What you will do =>
For the data that follows, return each line unchanged and drop the pictures.

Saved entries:
"""

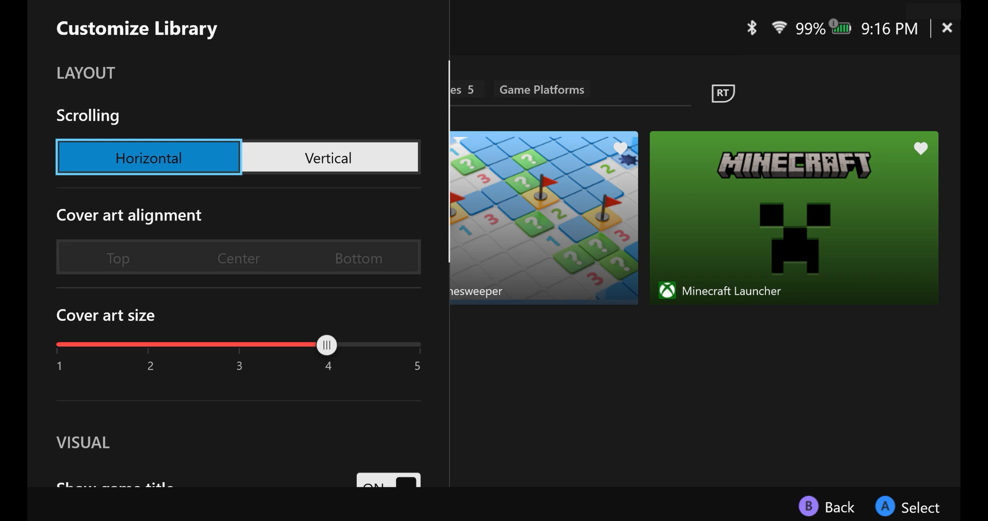 Manage Library: Players can add games to the game library and customize the layout and visual appearance of the library in *Customize Library.
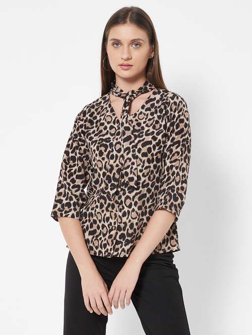 tie up neck animal print top
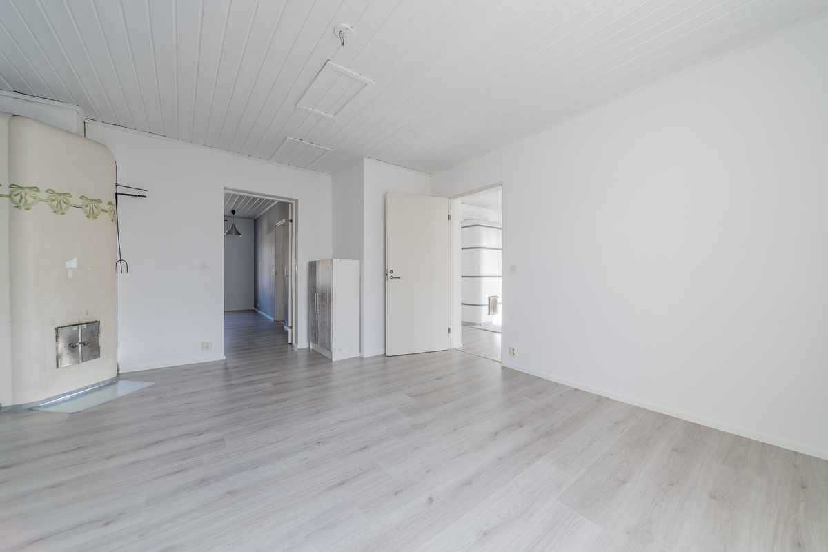 Alakerran olohuonetta koristaa kaunis takka, jolle ikä on tehnyt tepposensa, takassa voikin polttaa vain kynttilöitä, ikkunat kahteen ilmansuuntaan, seinillä tapetti/maali, laminaattilattia, uusi ilmalämpöpumppu; yläkerran olohuoneessa avotakka, seinillä maali, laminaattilattia
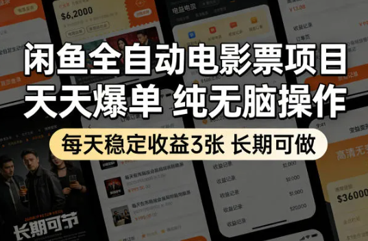 会员创业网 闲鱼课程 闲鱼全自动电影票项目,天天爆单,纯无脑操作,每天稳定收益3张,长期可做【揭秘】 https://svipm.cn/27476.html
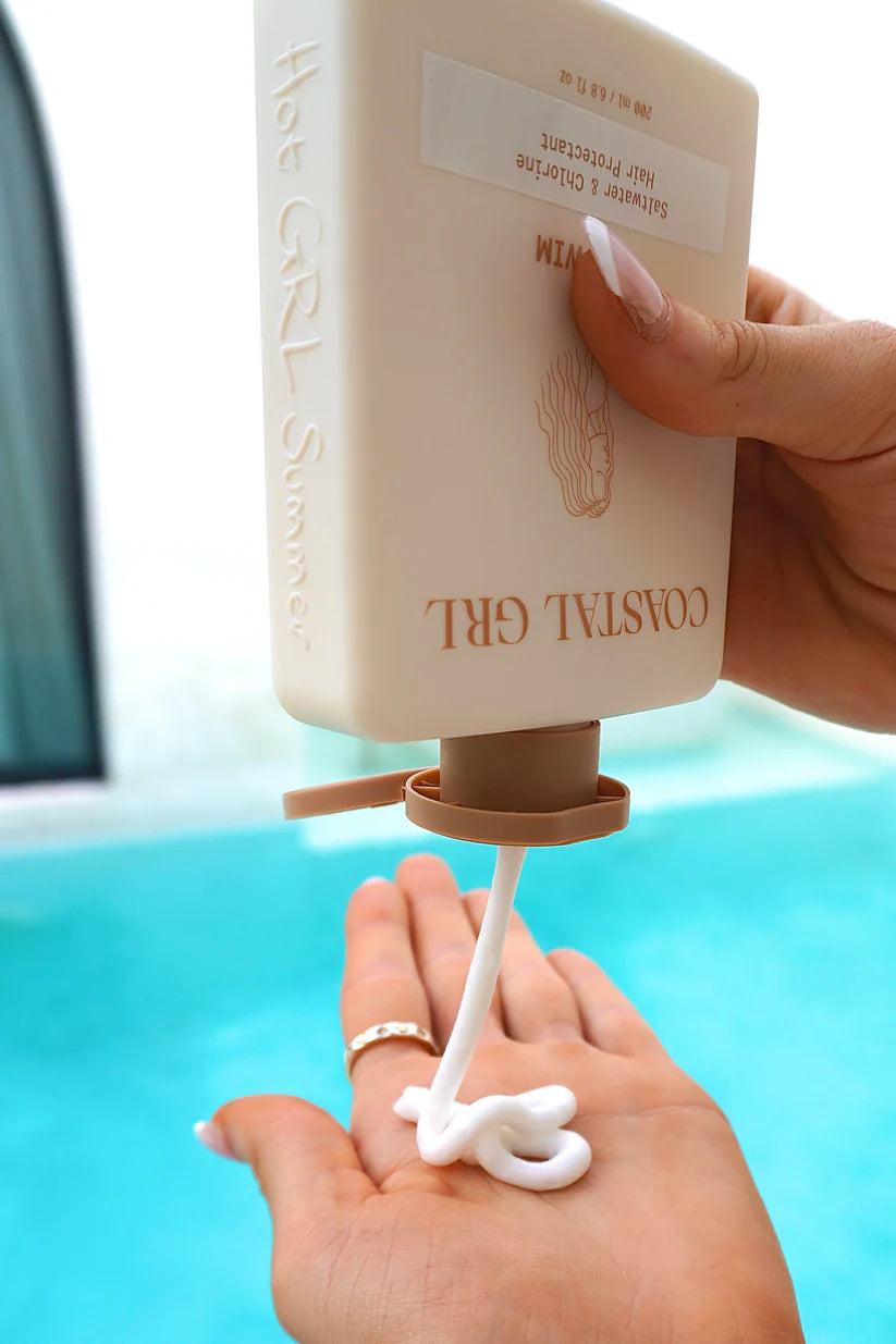 Pre-Swim works like an invisible swim cap, coating each strand in a weightless, silky barrier that locks in moisture and shields your hair from external stressors. It helps prevent the harsh effects of saltwater, chlorine, and UV rays — the kind of damage that causes dryness, brittleness, colour fade, and split ends. Think of it as your hair’s first line of defence before diving into the pool, ocean, or sun.
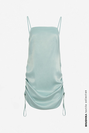Viscose slip dress with thin straps, adjustable side drawstring and open back.
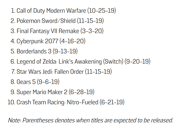 Top 10 Most Pre-Ordered E3 Games, GameStop: 1. CoD: Modern Warfare 2. Pokemon Sword & Shield 3. FFVII Remake 4. Cyberpunk 2077 5. Borderlands 3 6. Link's Awakening 7. Star Wars Jedi: Fallen Order 8. Gears 5 9. Super Mario Maker 2 10. Crash Team Racing https://gamestop.gcs-web.com/news-releases/news-release-details/post-e3-gamestop-reveals-top-10-video-games-based-customer …pic.twitter.com/pA4aw85rEw
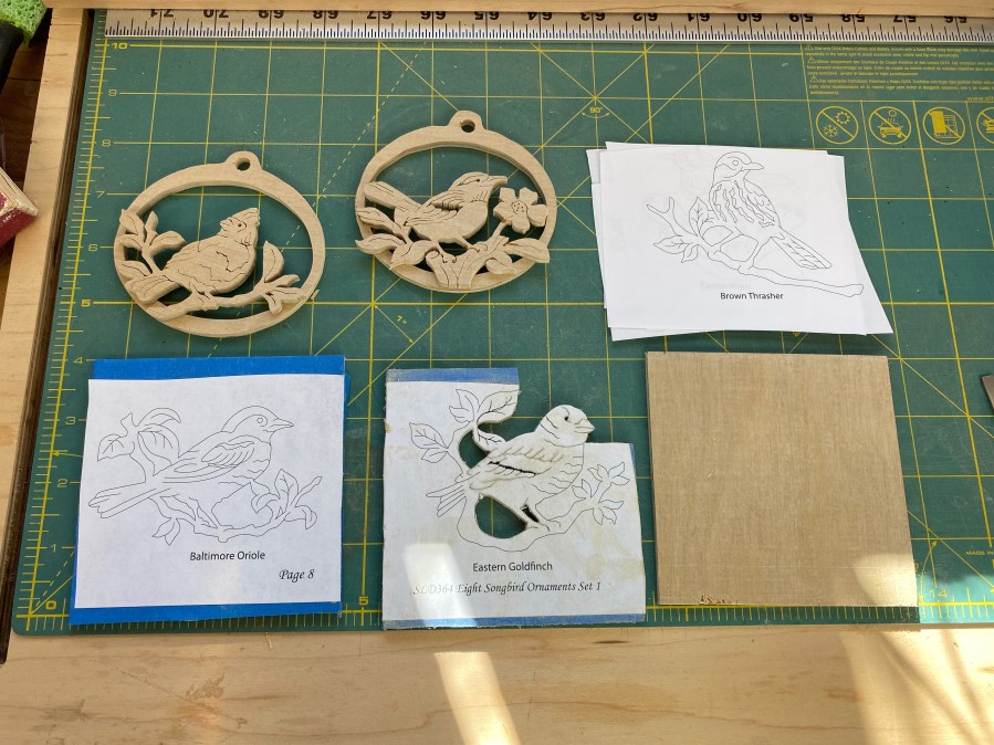 Two birds are done. Third is in progress and the fourth is waiting its turn. The blank is wait for a bird to land on it.
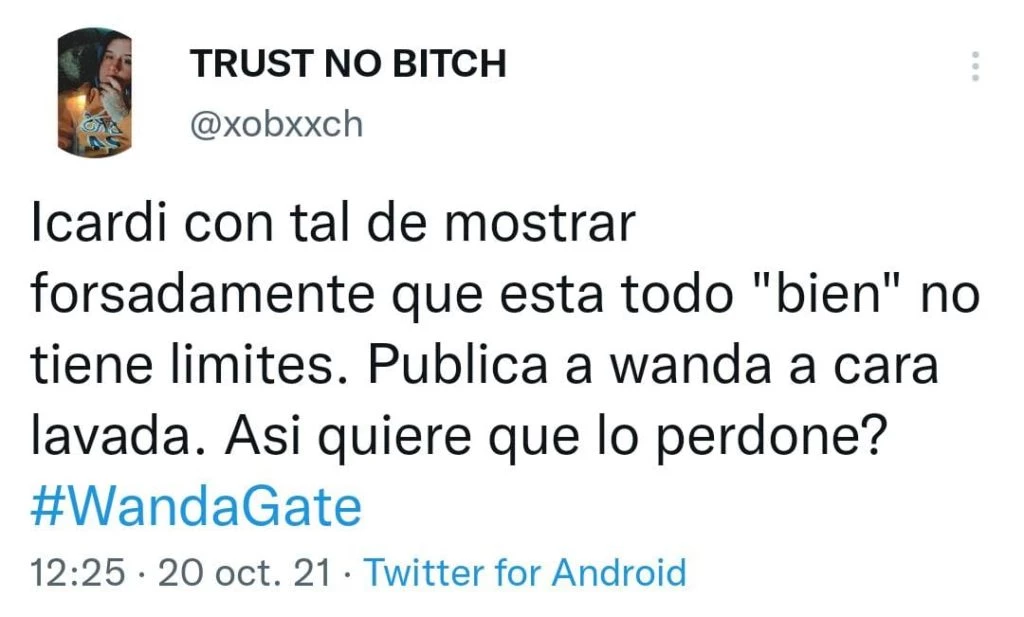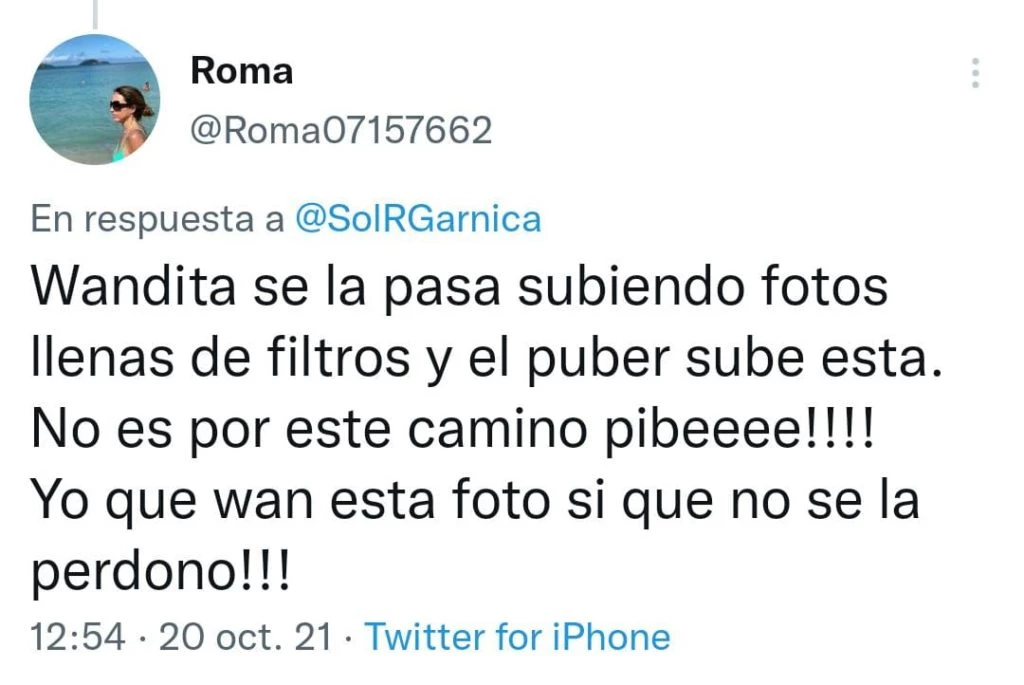 "Un código te pido, Mauro. Uno. ¿Cómo vas a subir esta foto?", "La historia que subió Icardi de Wanda a cara lavada, ¿el chabon quiere que lo dejen dos veces en una semana o qué?", "Icardi con tal de mostrar forzadamente que está todo bien no tiene límites. Publica a Wanda a cara lavada. ¿Así quiere que lo perdone?", "Es más grave subir foto de tu pareja durmiendo que sextear con otre SIN LUGAR A DUDAS", "Ese sí es motivo de separación", "Wandita se la pasa subiendo fotos llenas de filtros y el puber sube ésta. No es por este camino pibe! Yo que Wan esta sí que no se la perdono!", entre otros, fueron los comentarios que expresaron los internautas en la red social del pajarito.
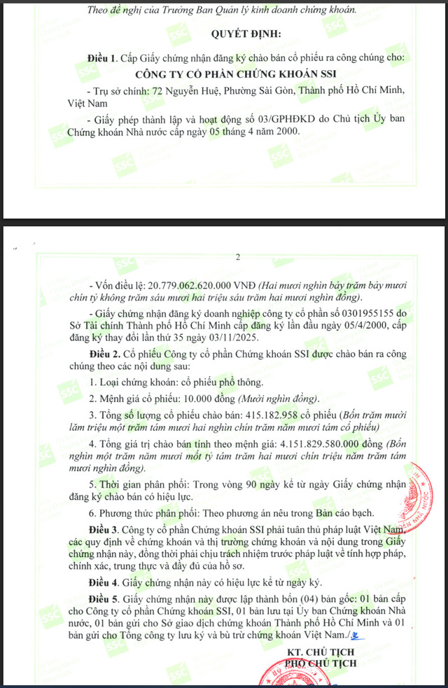 SSI cho biết, doanh nghiệp đã được UBCKNN cấp giấy chứng nhậnchào bán cổ phiếu ra công chúng. Số cổ phiếu chào bán là hơn 415 triệu đơn vị,tương ứng tổng giá trị theo mệnh giá hơn 4.151 tỷ đồng.
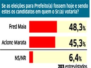 De acordo com os números, Fred Maia (PMDB) tem 48,3%, em segundo lugar, aparece Acione Lisboa da Silva, a Acione Marata (PCdoB) com 45,3%, na estimulada.
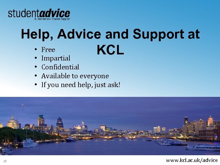 Help, Advice and Support at • Free KCL • Impartial • Confidential • Available to everyone • If you need help, just ask! 10 www. kcl. ac. uk/advice
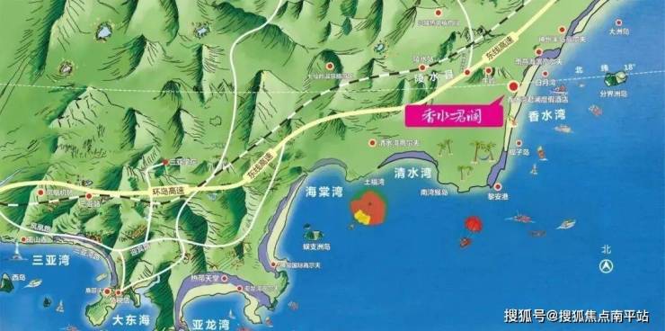 • 交通:距离三亚凤凰机场仅85公里,车程一个小时,乘坐环岛高铁仅二十分钟可以达到三亚站,同时项目距离陵水高铁站仅10分钟车程,距离海口市区约182公里,车程约90分钟
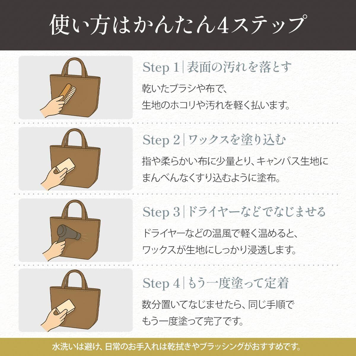使い方:生地の表面の汚れをブラシで落とし、ワックスを摺り込んでください。そのごドライヤーなどで温めて生地に馴染ませてから硬化させ、これらを2回行って完了です。
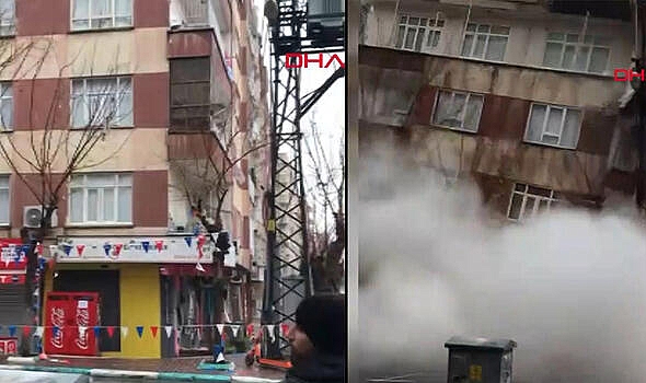 Kahramanmaraş merkezli, 10 ili vuran depremin ardından Şanlıurfa Bahçelievler Mahallesi'nde 6 katlı bir binanın yıkılma anları kameralara yansıdı.
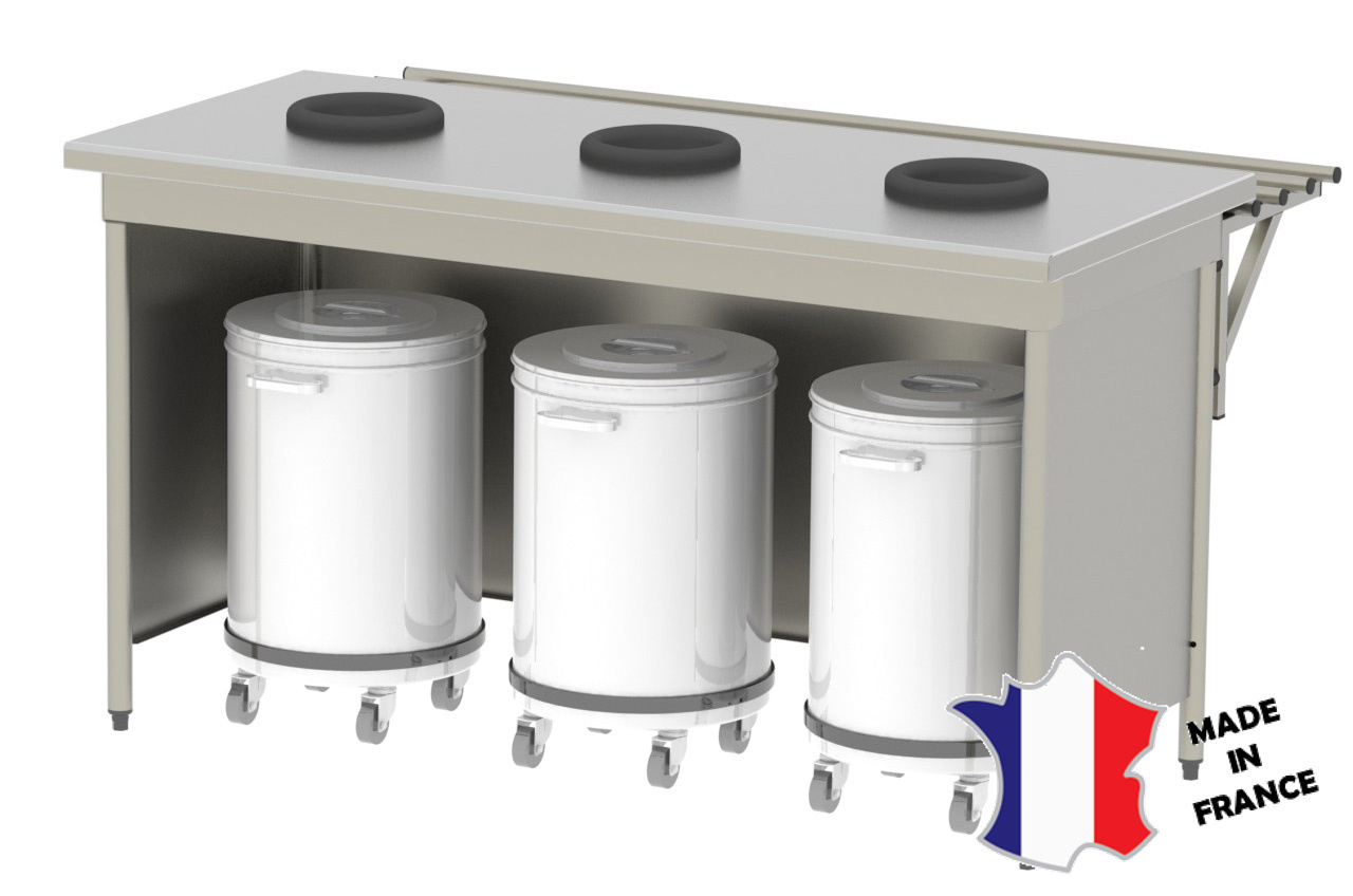 Meuble de pré-tri avec 3 trous vide-déchets | 1600(l)x700x900mm
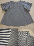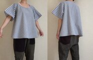 細いストライプの方、身頃部分はポコポコとしわ感のある素材です。
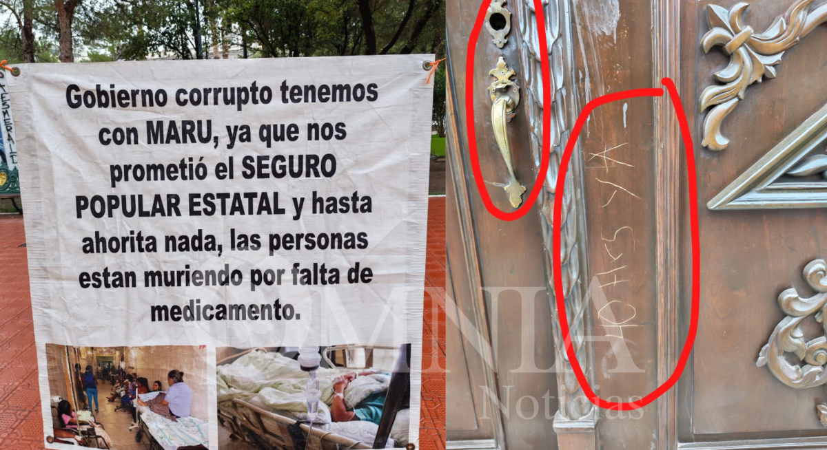 Vandalismo y mantas aparecen en Palacio de Gobierno
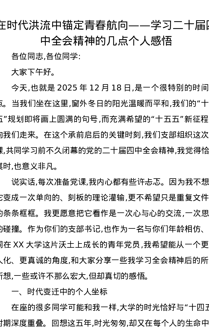 在时代洪流中锚定青春航向——学习二十届四中全会精神的几点个人感悟
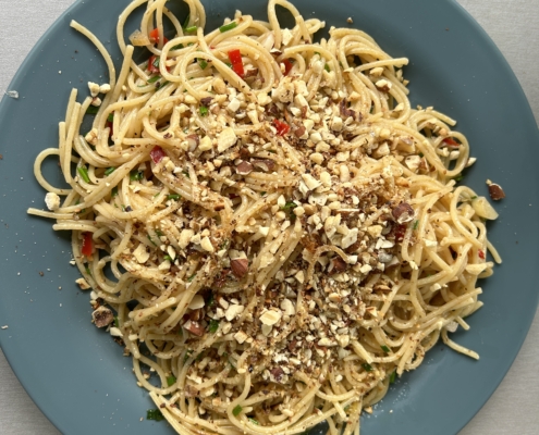 Am Vorabend haben wir kein Baguette bestellt, weil wir den Zopf essen wollen. Dieser ist trocken geworden, weil wir keinen richtigen Lagerort für Brot haben.
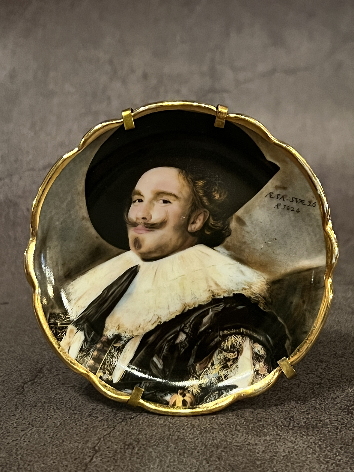 這件 Limoges Le Roy 出品瓷盤,以細緻手工描金工藝,重現了 Frans Hals (1624) 的傳世名作《微笑的騎士》。
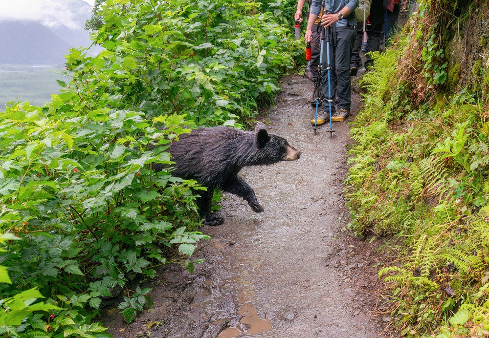 Orso che cammina davanti agli escursionisti che tengono spray per orsi su un sentiero Parco nazionale di Kenai Fjords, Alaska

"""

Task answer =>
 Manage Library: Players can add games to the game library and customize the layout and visual appearance of the library in *Customize Library.
 tie up neck animal print top
 Alakerran olohuonetta koristaa kaunis takka, jolle ikä on tehnyt tepposensa, takassa voikin polttaa vain kynttilöitä, ikkunat kahteen ilmansuuntaan, seinillä tapetti/maali, laminaattilattia, uusi ilmalämpöpumppu; yläkerran olohuoneessa avotakka, seinillä maali, laminaattilattia
 会员创业网 闲鱼课程 闲鱼全自动电影票项目,天天爆单,纯无脑操作,每天稳定收益3张,长期可做【揭秘】 https://svipm.cn/27476.html
 Pre-Swim works like an invisible swim cap, coating each strand in a weightless, silky barrier that locks in moisture and shields your hair from external stressors. It helps prevent the harsh effects of saltwater, chlorine, and UV rays — the kind of damage that causes dryness, brittleness, colour fade, and split ends. Think of it as your hair’s first line of defence before diving into the pool, ocean, or sun.
Viscose slip dress with thin straps, adjustable side drawstring and open back.
 Top 10 Most Pre-Ordered E3 Games, GameStop: 1. CoD: Modern Warfare 2. Pokemon Sword & Shield 3. FFVII Remake 4. Cyberpunk 2077 5. Borderlands 3 6. Link's Awakening 7. Star Wars Jedi: Fallen Order 8. Gears 5 9. Super Mario Maker 2 10. Crash Team Racing https://gamestop.gcs-web.com/news-releases/news-release-details/post-e3-gamestop-reveals-top-10-video-games-based-customer …pic.twitter.com/pA4aw85rEw
 Two birds are done. Third is in progress and the fourth is waiting its turn. The blank is wait for a bird to land on it.
 "Un código te pido, Mauro. Uno. ¿Cómo vas a subir esta foto?", "La historia que subió Icardi de Wanda a cara lavada, ¿el chabon quiere que lo dejen dos veces en una semana o qué?", "Icardi con tal de mostrar forzadamente que está todo bien no tiene límites. Publica a Wanda a cara lavada. ¿Así quiere que lo perdone?", "Es más grave subir foto de tu pareja durmiendo que sextear con otre SIN LUGAR A DUDAS", "Ese sí es motivo de separación", "Wandita se la pasa subiendo fotos llenas de filtros y el puber sube ésta. No es por este camino pibe! Yo que Wan esta sí que no se la perdono!", entre otros, fueron los comentarios que expresaron los internautas en la red social del pajarito.
 SSI cho biết, doanh nghiệp đã được UBCKNN cấp giấy chứng nhậnchào bán cổ phiếu ra công chúng. Số cổ phiếu chào bán là hơn 415 triệu đơn vị,tương ứng tổng giá trị theo mệnh giá hơn 4.151 tỷ đồng.
 De acordo com os números, Fred Maia (PMDB) tem 48,3%, em segundo lugar, aparece Acione Lisboa da Silva, a Acione Marata (PCdoB) com 45,3%, na estimulada.
 Help, Advice and Support at • Free KCL • Impartial • Confidential • Available to everyone • If you need help, just ask! 10 www. kcl. ac. uk/advice
 • 交通:距离三亚凤凰机场仅85公里,车程一个小时,乘坐环岛高铁仅二十分钟可以达到三亚站,同时项目距离陵水高铁站仅10分钟车程,距离海口市区约182公里,车程约90分钟
使い方:生地の表面の汚れをブラシで落とし、ワックスを摺り込んでください。そのごドライヤーなどで温めて生地に馴染ませてから硬化させ、これらを2回行って完了です。
 Kahramanmaraş merkezli, 10 ili vuran depremin ardından Şanlıurfa Bahçelievler Mahallesi'nde 6 katlı bir binanın yıkılma anları kameralara yansıdı.
 Meuble de pré-tri avec 3 trous vide-déchets | 1600(l)x700x900mm
 細いストライプの方、身頃部分はポコポコとしわ感のある素材です。
 Vandalismo y mantas aparecen en Palacio de Gobierno
 在时代洪流中锚定青春航向——学习二十届四中全会精神的几点个人感悟
 Am Vorabend haben wir kein Baguette bestellt, weil wir den Zopf essen wollen. Dieser ist trocken geworden, weil wir keinen richtigen Lagerort für Brot haben.
 這件 Limoges Le Roy 出品瓷盤,以細緻手工描金工藝,重現了 Frans Hals (1624) 的傳世名作《微笑的騎士》。
 Orso che cammina davanti agli escursionisti che tengono spray per orsi su un sentiero Parco nazionale di Kenai Fjords, Alaska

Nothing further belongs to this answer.